Researchers at Los Alamos National Laboratory and the University of New Mexico have developed an AI framework that solves a fundamental physics problem that has vexed scientists for over a century. Calculations that previously required thousands of supercomputer hours now finish in seconds.
The framework, called THOR (Tensors for High-dimensional Object Representation), tackles the configurational integral — a mathematical problem at the heart of understanding how atoms behave inside materials. Published in Physical Review Materials, the results show THOR reproduces the best existing simulations more than 400 times faster.
The Century-Old Problem
The configurational integral captures how particles interact within a material. It’s essential for predicting material properties like phase transitions, thermal behavior, and structural stability. The problem: the integral involves dimensions in the thousands, making direct calculation effectively impossible.
“Classical integration techniques would require computational times exceeding the age of the universe, even with modern computers,” explained Boian Alexandrov, a senior AI scientist at Los Alamos who led the research alongside Duc Truong and UNM professor Dimiter Petsev.
For over a century, scientists have relied on statistical sampling methods — essentially informed guessing — rather than solving the integral directly.
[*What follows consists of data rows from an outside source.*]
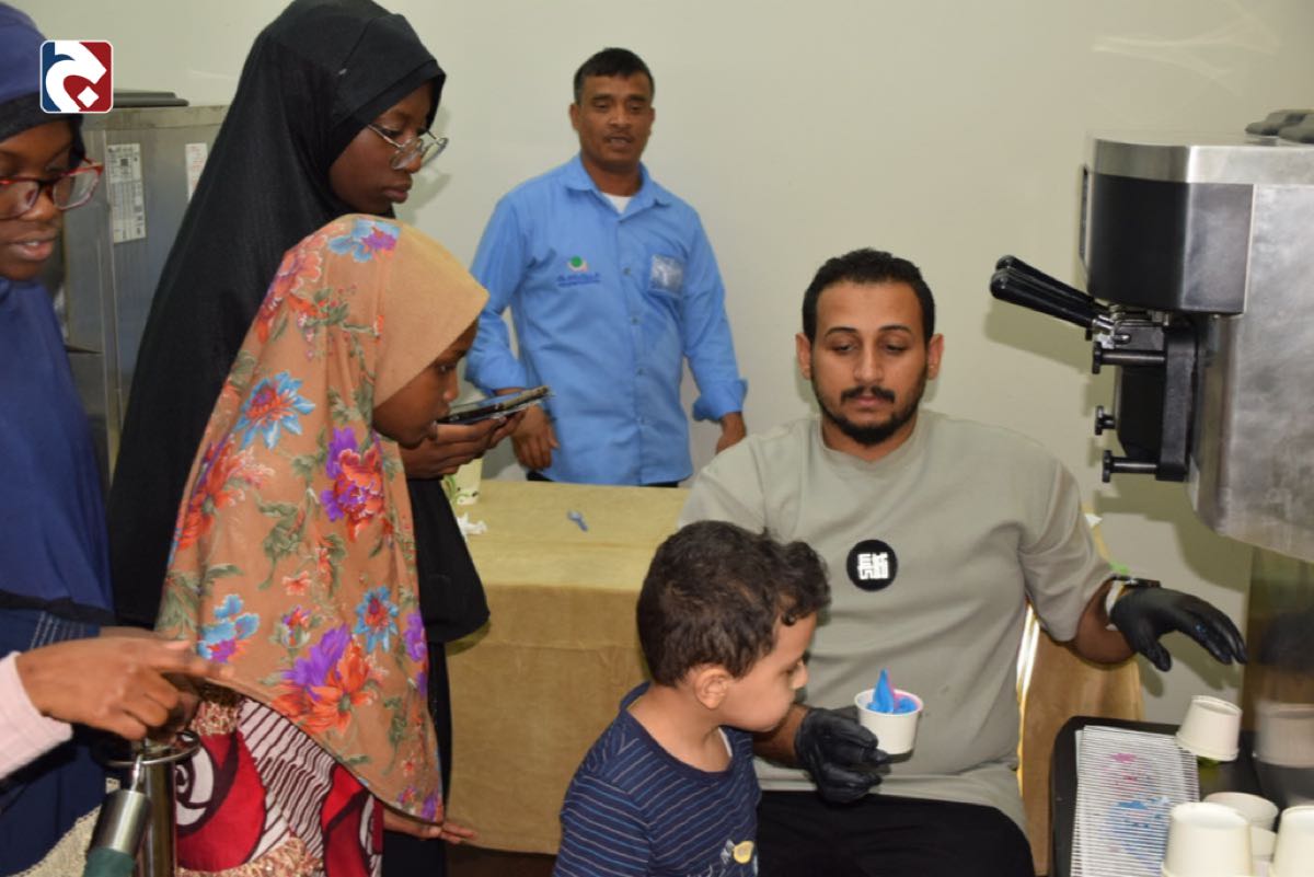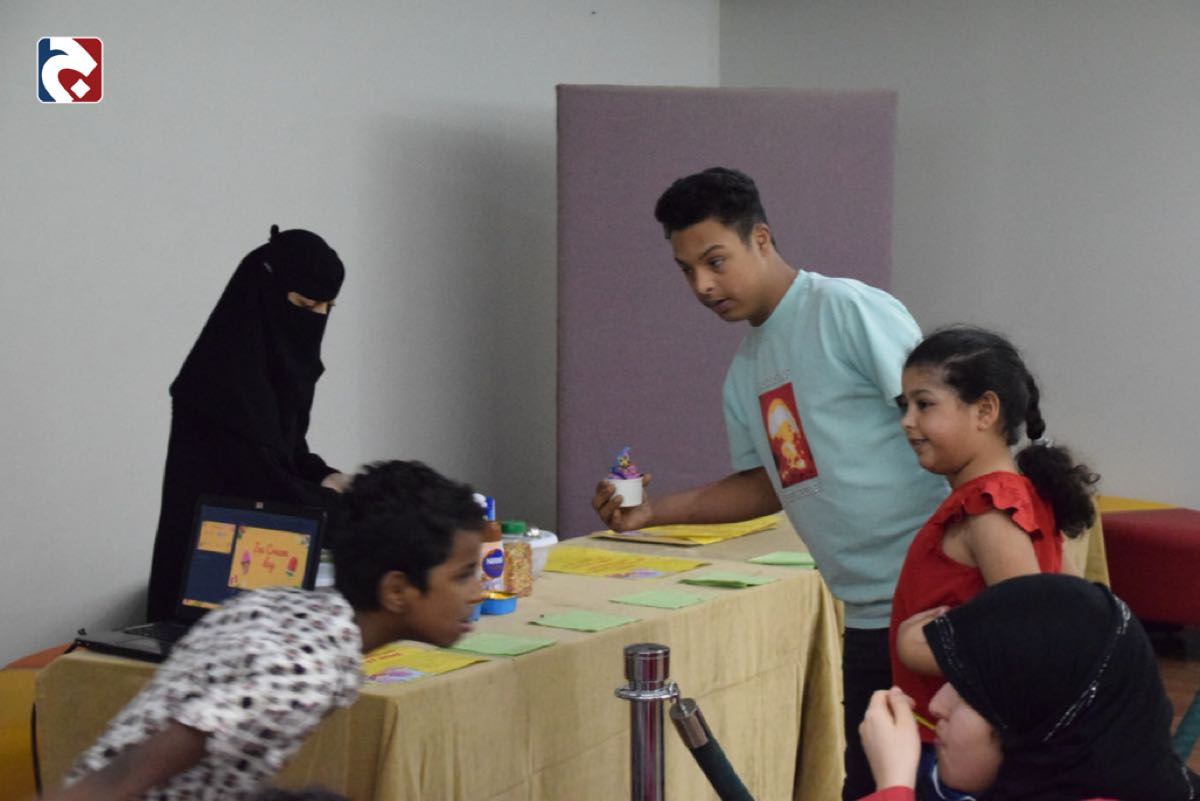 وتضمنت الفعاليات الحديث مع الأطفال عن طريقة صنع الآيس كريم داخل المنزل بطريقة بسيطة، وكيفية تزيينه بالمكونات المختلفة، والتطرق إلى فوائده للجسم، خاصةً أن مكوناته طبيعية من فواكه وحليب وتحتوي على الكالسيوم والفيتامينات بالإضافة إلى مساهمته في زيادة هرمون السعادة الذي يفرز بعد أكله ومفيد للأجواء الحارة.
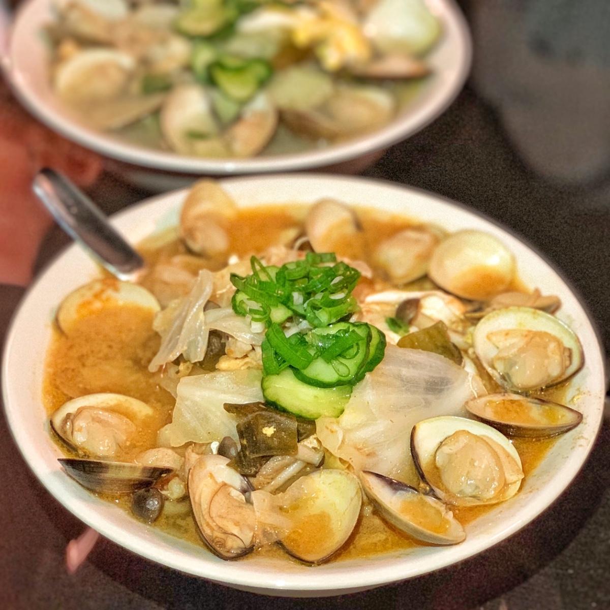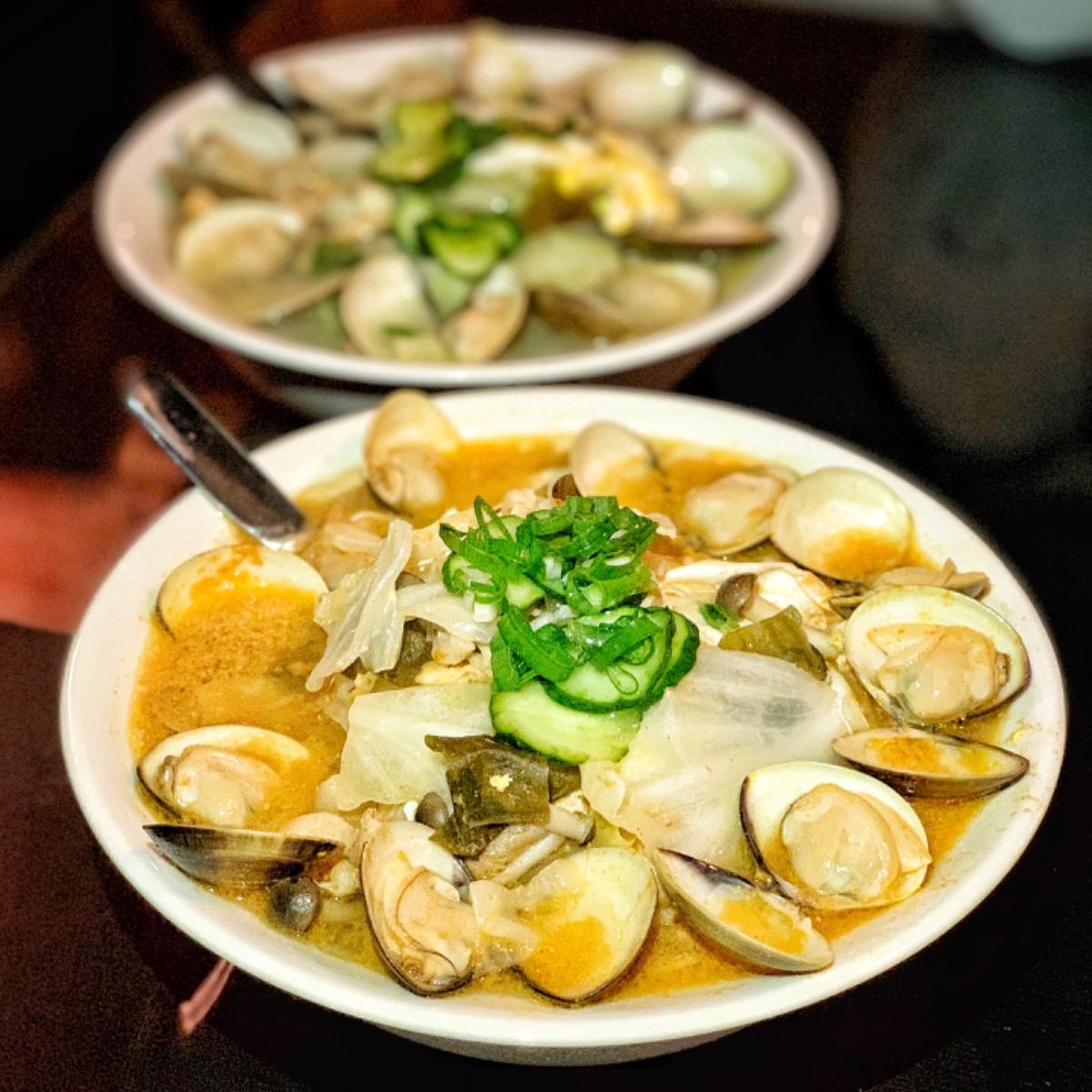 鍋燒皆沒有火鍋料,只有加上肥美蛤蜊和蔬菜,原味湯頭嚐起來很鮮甜。南洋酸辣有滿滿椰奶香,湯頭的辣度大概只有小辣或微微辣,麵條十足吸飽湯頭,每口都有南洋風味,這口味如果能在辣一點酸一點會更好🥺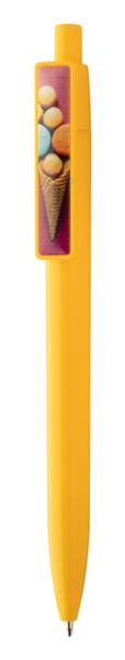 Description: Plastikowy długopis z niebieskim wkładem. Klip specjalnie przygotowany pod epoxy lub nadruk UV. Biały klips dostarczany osobno przy zamówieniu bez nadruku. Primary Color: żółty Material 1: Plastik (ABS) Rozmiar: o10×136 mm Rodzaj długopisy: Długopis Rodzaj mechanizmu: wciskany Kolor wkładu: niebieski Rozmiar kulki we wkładzie: 1 mm Rodzaj wkładu: Normalny, wąski wkład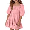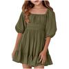 Summer Children's Ruffled Square Collar Lace-up Fashion Dress For Girls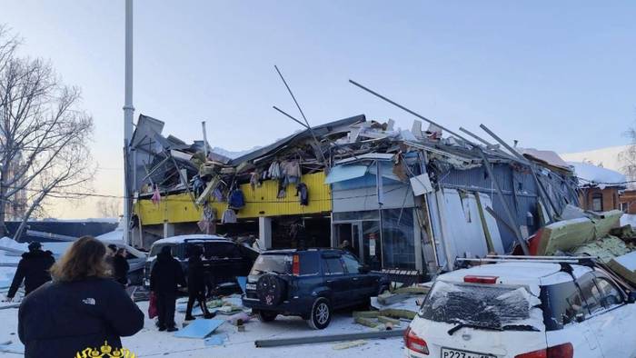 Внутри здания находились продуктовый магазин, алкомаркет, центр одежды и обуви. Обрушился весь второй этаж.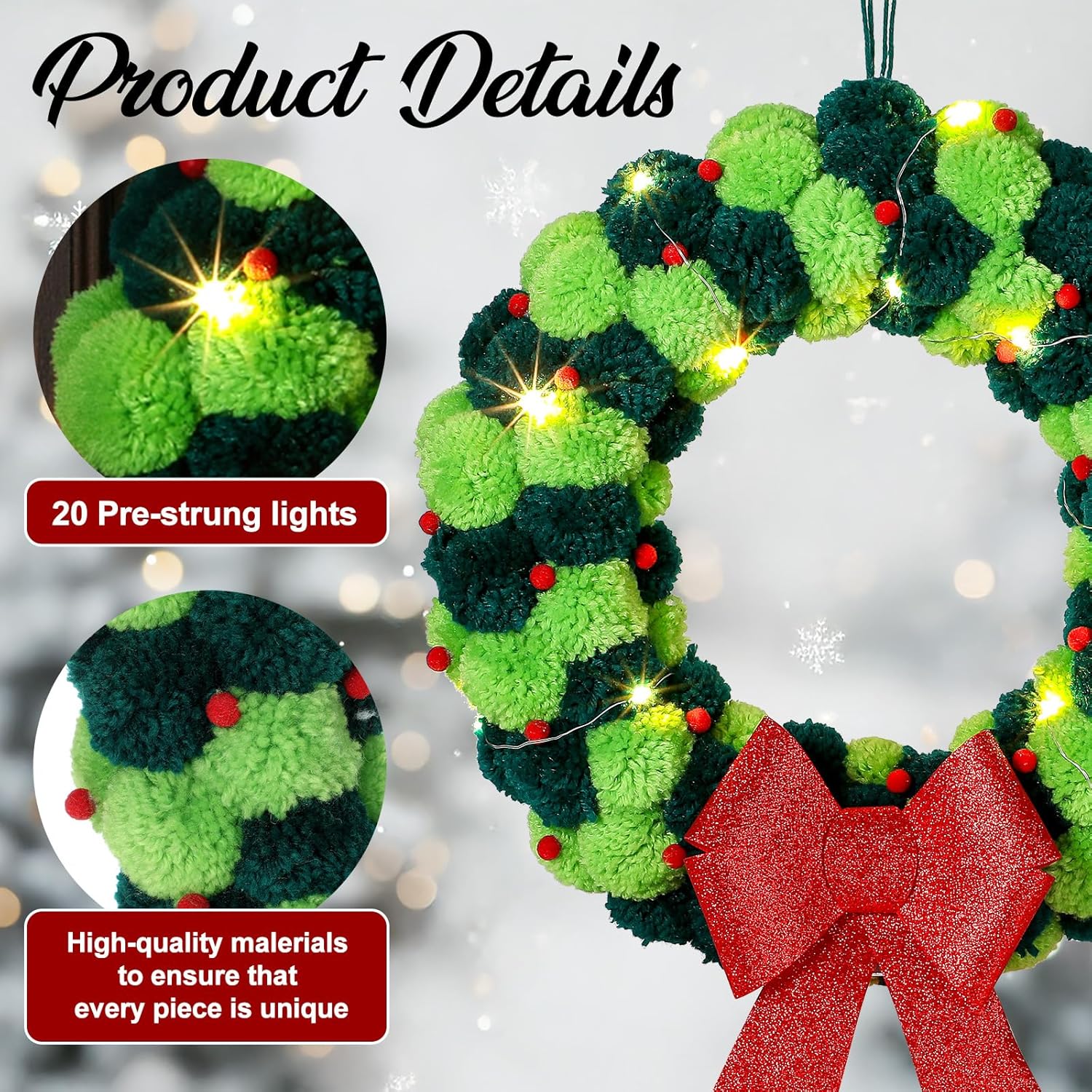 Features: Wreaths ornaments can be hung from entrances, placed on mantels, applied to adorn cards and gifts, or exhibited as decorations on a Christmas tree, wreath, or festive centerpiece. The LED wreaths are brighter. Warm LED lights enhance the Christmas wreath's beauty and appeal at night, adding to its charm throughout the holiday season. Specifications: Material: pompom, wool Color: red, green Size: about 16 inch/40 cm diameter Package includes: 1 x Pom pom wreath 1 x Warm white LED string light (No Battery) Notes: Manual measurement, please allow slight errors on size. The color may exist a slight difference due to different screen displays Battery type: 2 x AA, the Christmas wreath needs 2AA batteries (not included)

These approximations work, but they’re computationally expensive and sometimes unreliable.
How THOR Works
THOR uses a mathematical technique called tensor train cross interpolation to compress enormous high-dimensional problems into manageable pieces. Rather than calculating every possible atomic configuration, the framework identifies patterns and symmetries in crystal structures, dramatically reducing what needs to be computed.
The system integrates machine learning atomic models to predict particle interactions, then exploits the repetitive nature of crystal lattices to simplify calculations further.
Real Results
The research team tested THOR on metals like copper and noble gases under extreme pressure, including crystalline argon. They also calculated tin’s solid-solid phase transition — a notoriously difficult problem in metallurgy.
In each case, THOR matched the accuracy of established Los Alamos simulations while completing the work 400 times faster. Problems that once required dedicated supercomputer time now run on standard research hardware.
“THOR AI opens the door to faster discoveries and a deeper understanding of materials,” said Truong, the lead author.
What This Means
Materials science drives everything from battery technology to aerospace engineering. Faster, more accurate predictions of material behavior could accelerate development of new alloys, superconductors, and structural materials.
The framework is particularly useful for extreme conditions — high pressure, high temperature — where experimental testing is expensive or impossible. Researchers can now screen candidate materials computationally before committing to lab work.
Open Source
THOR is available on GitHub under a BSD-3 license, meaning any research group can use and modify it. The repository includes implementations in Fortran, MATLAB, and Python, making it accessible across different computational environments.
The framework currently handles crystalline solids. Extensions to amorphous materials, liquids, and more complex systems are likely next, though the researchers haven’t announced specific timelines.
The Fine Print
While the speed improvements are dramatic, THOR still requires expertise to use effectively. Setting up tensor network calculations for new materials demands understanding of both the physics and the mathematical framework.
The framework also depends on accurate machine learning models for atomic interactions. For well-studied materials, these exist. For exotic compounds, building the necessary models adds upfront work.
Still, replacing a century of approximations with direct calculations represents genuine progress. When a technique works across copper, argon, and tin, it’s likely to generalize well.